Today is Wednesday, July 22, the 204rd day of 2020. There are 162 days left in the year.
Today’s Highlight in History:
On July 22, 1862, President Abraham Lincoln presented to his Cabinet a preliminary draft of the Emancipation Proclamation.
On this date:
In 1587, an English colony fated to vanish under mysterious circumstances was established on Roanoke Island off North Carolina.
In 1933, American aviator Wiley Post completed the first solo flight around the world as he returned to New York’s Floyd Bennett Field after traveling for 7 days, 18 and 3/4 hours.
In 1934, bank robber John Dillinger was shot to death by federal agents outside Chicago’s Biograph Theater, where he had just seen the Clark Gable movie “Manhattan Melodrama.”
In 1937, the U.S. Senate rejected President Franklin D. Roosevelt’s proposal to add more justices to the Supreme Court.
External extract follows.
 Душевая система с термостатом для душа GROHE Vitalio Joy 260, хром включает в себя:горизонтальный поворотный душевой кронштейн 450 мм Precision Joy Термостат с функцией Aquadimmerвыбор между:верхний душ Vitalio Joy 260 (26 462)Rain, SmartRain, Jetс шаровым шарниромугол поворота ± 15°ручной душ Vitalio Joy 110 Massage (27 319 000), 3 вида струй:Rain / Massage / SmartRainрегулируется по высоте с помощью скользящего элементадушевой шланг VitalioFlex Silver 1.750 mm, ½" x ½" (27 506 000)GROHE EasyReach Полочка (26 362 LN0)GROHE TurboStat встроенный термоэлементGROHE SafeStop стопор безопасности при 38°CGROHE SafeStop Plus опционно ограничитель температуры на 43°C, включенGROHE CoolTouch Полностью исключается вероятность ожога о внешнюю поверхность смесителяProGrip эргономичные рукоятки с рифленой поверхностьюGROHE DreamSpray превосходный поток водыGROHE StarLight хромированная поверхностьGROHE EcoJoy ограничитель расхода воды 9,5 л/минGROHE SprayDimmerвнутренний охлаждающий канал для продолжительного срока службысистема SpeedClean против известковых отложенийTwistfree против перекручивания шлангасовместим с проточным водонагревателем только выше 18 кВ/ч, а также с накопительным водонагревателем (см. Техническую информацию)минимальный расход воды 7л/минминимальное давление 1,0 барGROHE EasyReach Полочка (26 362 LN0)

In 1942, the Nazis began transporting Jews from the Warsaw Ghetto to the Treblinka concentration camp. Gasoline rationing involving the use of coupons began along the Atlantic seaboard.
In 1946, the militant Zionist group Irgun blew up a wing of the King David Hotel in Jerusalem, killing 91 people.
In 1957, Walter “Fred” Morrison applied for a patent for a “flying toy” which became known as the Frisbee.
In 1967, American author, historian and poet Carl Sandburg died at his North Carolina home at age 89.
In 1975, the House of Representatives joined the Senate in voting to restore the American citizenship of Confederate Gen. Robert E. Lee.
In 1991, police in Milwaukee arrested Jeffrey Dahmer, who later confessed to murdering 17 men and boys (Dahmer ended up being beaten to death by a fellow prison inmate).
In 1992, Colombian drug lord Pablo Escobar escaped from his luxury prison near Medellin (meh-deh-YEEN’). (He was slain by security forces in December 1993.)
In 2011, Anders Breivik (AHN’-durs BRAY’-vihk), a self-described “militant nationalist,” massacred 69 people at a Norwegian island youth retreat after detonating a bomb in nearby Oslo that killed eight others in the nation’s worst violence since World War II.